Phylogenetic reconstruction of WRKY proteins was performed using validated sequences from G. pentaphyllum and Arabidopsis. Protein sequences were aligned with MAFFT (v7.427) using default parameters, followed by neighbor-joining tree construction in MEGA11 under the p-distance model with partial deletion treatment of missing data (site coverage cutoff: 50%). Branch confidence was assessed with 1,000 bootstrap replicates, and the final topology was annotated and visualized using iTOL v6 (https://itol.embl.de/).

Identification of cis-acting regulatory elements, gene structure conserved motifs and gene duplications of GpWRKY

The cis-acting elements in the 2,000 bp promoter regions upstream of GpWRKY genes were predicted using PlantCARE(https://bioinformatics.psb.ugent.be/webtools/plantcare/html/). The protein motifs were analyzed via MEME Suite(https://meme-suite.org/meme/tools/meme) with default parameters. The Multiple Collinearity Scan toolbox (MCScanX) software (Parameters: e-value ≤ 1e^-5) was employed to conduct analysis of gene duplication patterns in G. pentaphyllum. It includes identified segmental duplications and tandem duplications resulting from gene duplication events. Evolutionary divergence metrics(Ka: non-synonymous substitution rate; Ks: synonymous substitution rate) for duplicated gene pairs were calculated using KaKs Calculator 2.0. The TBtools was the platform used to analyze the data.
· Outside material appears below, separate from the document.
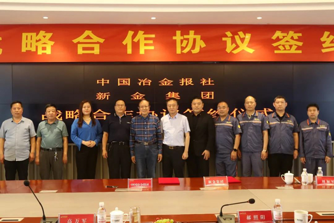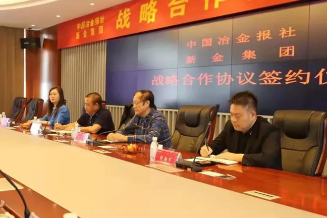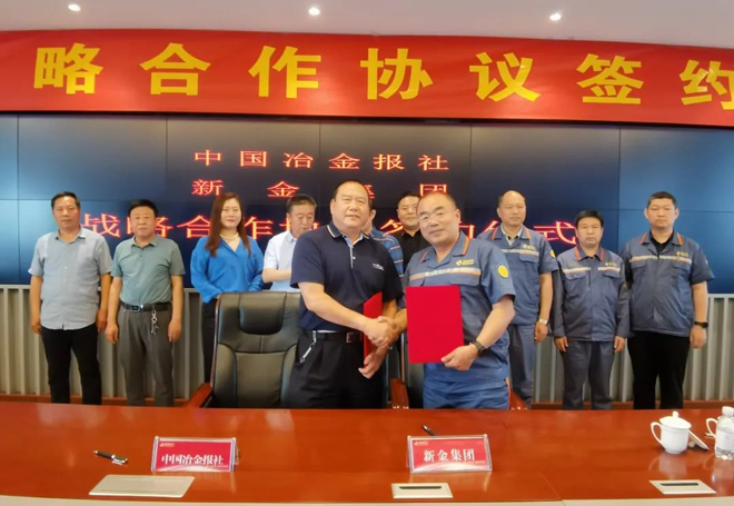 5月25日,新金集團鋼鐵公司執行總經理陳丹峰與中國冶金報社黨委書記、社長陳玉千分別在協議書上簽字,雙方就此建立長期戰略合作關係。

Analysis of GpWRKY expression profiles based on transcriptomics analysis

G. pentaphyllum specimens were obtained from the Guangxi Botanical Garden of Medicinal Plants(Nanning, China) and cultivated in a greenhouse under 16-h light/25°C day and 8-h dark/20°C night cycles. The fifteen samples from the five tissues(root, stem, leaf, flower and fruit) were taken for transcriptomics analysis. The experimental methods and analytical approaches for transcriptomics (root, stem, leaf, flower and fruit) were adapted from previous transcriptomics (Zhou et al., 2023).

For Cd stress, the seedlings culture method and treatment were taken as described by previous studies (Li et al., 2022, 2023), with the treatment solution concentrations of 0, 25 and 100 μM CdCl₂. Fresh leaf samples of nine samples from the three conditions were acquired for further analysis. Transcript profile of Cd-responsive GpWRKY genes was carried out from an earlier transcriptome dataset (Zhou et al., 2023).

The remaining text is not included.